— Task directions —
In the listing below, find the line containing "Border: Traditional zari" and the line containing "Osmani krahas imazheve./Arbresh.info/". Repeat exactly those two lines and every line between them.

— Data provided —

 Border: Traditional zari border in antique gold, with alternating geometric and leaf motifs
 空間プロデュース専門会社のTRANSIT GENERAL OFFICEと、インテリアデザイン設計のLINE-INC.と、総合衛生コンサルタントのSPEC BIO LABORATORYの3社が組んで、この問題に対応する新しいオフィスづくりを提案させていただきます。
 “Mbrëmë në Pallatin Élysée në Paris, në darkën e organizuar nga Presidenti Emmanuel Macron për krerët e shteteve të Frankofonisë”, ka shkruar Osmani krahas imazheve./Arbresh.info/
==
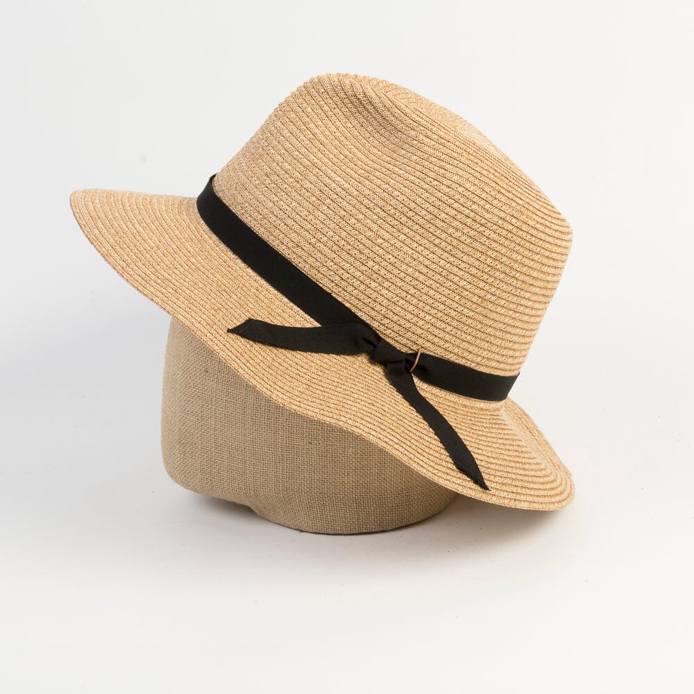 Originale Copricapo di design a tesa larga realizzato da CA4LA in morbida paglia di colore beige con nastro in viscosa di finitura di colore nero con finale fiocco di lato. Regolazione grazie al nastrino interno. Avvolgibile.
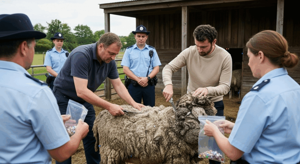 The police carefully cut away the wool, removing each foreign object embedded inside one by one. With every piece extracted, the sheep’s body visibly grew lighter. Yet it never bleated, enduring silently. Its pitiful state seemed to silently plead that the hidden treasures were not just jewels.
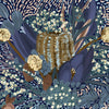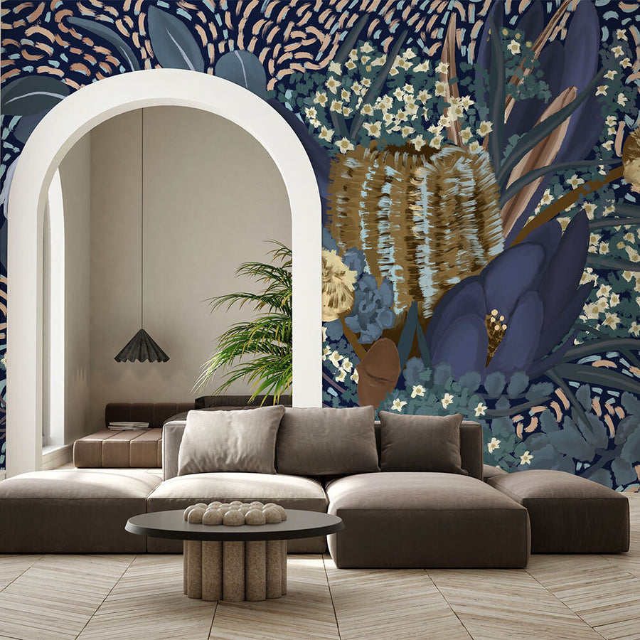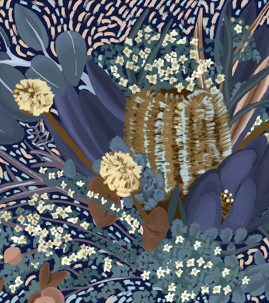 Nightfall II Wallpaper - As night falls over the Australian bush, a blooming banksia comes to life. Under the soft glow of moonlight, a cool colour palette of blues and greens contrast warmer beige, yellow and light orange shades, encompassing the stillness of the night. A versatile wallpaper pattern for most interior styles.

— Response to this task —
 Border: Traditional zari border in antique gold, with alternating geometric and leaf motifs
 空間プロデュース専門会社のTRANSIT GENERAL OFFICEと、インテリアデザイン設計のLINE-INC.と、総合衛生コンサルタントのSPEC BIO LABORATORYの3社が組んで、この問題に対応する新しいオフィスづくりを提案させていただきます。
 “Mbrëmë në Pallatin Élysée në Paris, në darkën e organizuar nga Presidenti Emmanuel Macron për krerët e shteteve të Frankofonisë”, ka shkruar Osmani krahas imazheve./Arbresh.info/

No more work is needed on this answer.